Calls for minister to resign over raids

Jobs Minister Michaelia Cash is facing calls to resign as police prepare to refer an investigation into union raids to the commonwealth prosecutor.

Senator Michaelia Cash.

Senator Michaelia Cash. Source: AAP

Jobs Minister Michaelia Cash is holding out against calls for her to quit after police investigations into Australian Workers Union raids were referred to the commonwealth prosecutor.

The Australia Federal Police are under understood to have confirmed to the union it will have material with the Commonwealth Director of Public Prosecutions in the next two weeks.

AFP officers raided the union's Sydney and Melbourne headquarters last October as part of an investigation by the Registered Organisations Commission.

The raids drew scrutiny because journalists arrived at the offices before police after a tip-off from Senator Cash's office.

One of her advisers resigned after admitting to tipping off the media.

AWU national secretary Daniel Walton said the referral was troubling but not surprising.
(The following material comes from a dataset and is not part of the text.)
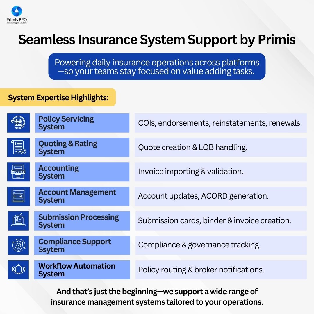 At Primis, backed by a tech powerhouse with over 30 years of insurance expertise, we support day-to-day workflows across leading insurance management platforms, so your teams can focus on underwriting, service delivery, and growth. From quoting to invoicing, compliance to content management, we ensure your systems run smoothly—accurately, efficiently, and on time. Learn more→
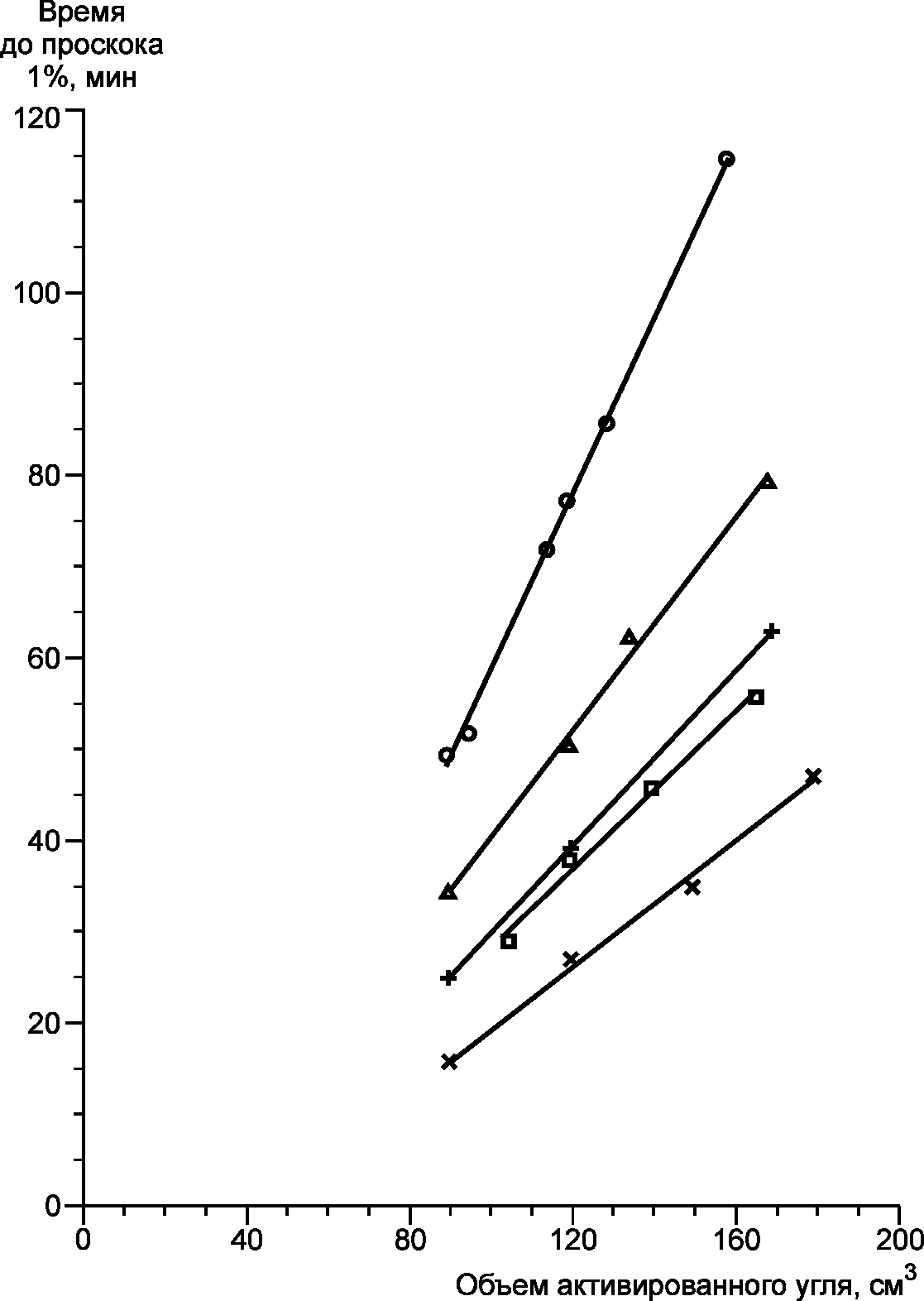 Практически линейный характер полученной зависимости означает, что в условиях проведенных испытаний динамическая активность активированного угля практически не зависит от скорости газового потока. В одном из исследований зафиксировано постоянство динамической активности при 30-кратном изменении скорости газового потока

But a spokesman for Senator Cash said it was an attempt by the AWU to distract from the issue of whether Labor leader Bill Shorten as union leader "secretly donated member money to his own organisation and own election campaign".
Australian Council of Trade Unions secretary Sally McManus said Senator Cash was driven by a hatred of unions.

"Michaelia Cash should have resigned long ago," Ms McManus told reporters in Melbourne.

But Liberal MP Luke Howarth hit back at the ACTU, saying they were "disgracefully" spreading rumours about coalition politicians.

"Most voters would not even have a clue about what's going on in relation to that issue," he told Sky News.